HO: What is the purpose of these funds other than just adding to balance sheets? How much money are they really managing?
ZZL: I think the CIC’s assets are over $1.2 trillion right now which makes it at one point the largest fund in the world during COVID-19, but its market performance has since deteriorated. This is in addition to China’s $3 trillion in foreign exchange reserves and foreign exchange assets managed by the State Administration of Foreign Exchange. It’s quite a lot. Collectively you can imagine the foreign exchange reserves to be about the size of the UK’s GDP. Including China’s shadow (unofficial) reserves, the total is far larger than the UK’s GDP. This money can be a force for exercising financial or economic statecraft. For example, they can invest as support and divest to show dissatisfaction with a company’s performance or actions. They can support domestic industrial development and invest in foreign companies to get access to desired technologies or other assets they don’t already have. It’s certainly an economic power, but also a powerful political one.

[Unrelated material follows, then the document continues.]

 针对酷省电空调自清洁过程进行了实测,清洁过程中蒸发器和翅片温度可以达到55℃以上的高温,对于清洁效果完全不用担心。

HO: Does the CIC work in concert with or support other Chinese initiatives like the BRI?
ZZL: Back in 2016 and ‘17, I interviewed many people at the CIC who told me no. They said that they are independent and don’t work with the government and do not invest alongside government policy. In subsequent years, Tu Guangshao, the current president of the CIC expressed interest in setting up a BRI investment fund and if you look at what the CIC has already invested and supported, it is very much in line with the BRI’s existing projects.
HO: How has COVID-19 affected these funds? Were they able to respond to rapidly changing conditions?

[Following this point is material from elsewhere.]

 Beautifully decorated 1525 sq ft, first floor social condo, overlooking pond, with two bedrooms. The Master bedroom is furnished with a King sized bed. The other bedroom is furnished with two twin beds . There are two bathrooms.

ZZL: I honestly think COVID-19 is not the biggest shock for China. I would say U.S.-China tensions are bigger in part because their portfolio is extremely exposed to the U.S. market. They want to invest in U.S. companies in sectors from tech to natural resources, but broadly speaking, these funds in China, Norway, and Saudi Arabia are rainy-day funds to support domestic needs in times of economic stress. For China, it was an effective tool to absorb economic shock and provide a buffer for the national economy.

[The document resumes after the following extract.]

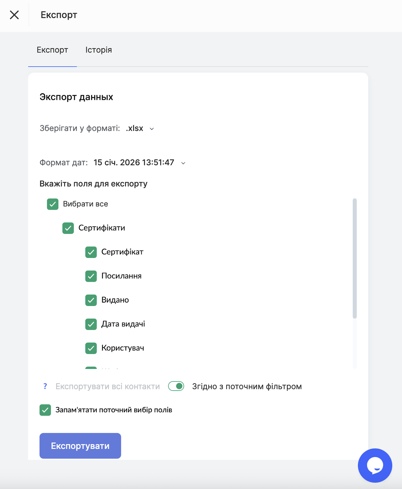 Експорт — можливість вивантажити дані про сертифікати в зовнішній файл для подальшої обробки або архівування.

HO: Where do you see China’s economy going in the next few years? What challenges does it still face?
ZZL: China’s economy over the course of 2024 still suffered a lot of chronic structural challenges, even if it has stabilized a bit compared with immediately after COVID-19. The Chinese government and Xi Jinping himself have recently been meeting with Chinese private entrepreneurs to restore public confidence in the private sector, but to what extent the government can restore policy credibility is still a big unknown in the whole process. China’s sovereign leveraged funds can play a big role in stabilizing the stock market and have played a big role in that before, but they can also provide patient capital to support China’s R&D development. China’s economy is very much in transition, especially when they have some sectors that face excess capacity and other sectors that are booming. Sovereign funds can provide long-term capital to support the booming sector while providing stabilizing capital for the rest.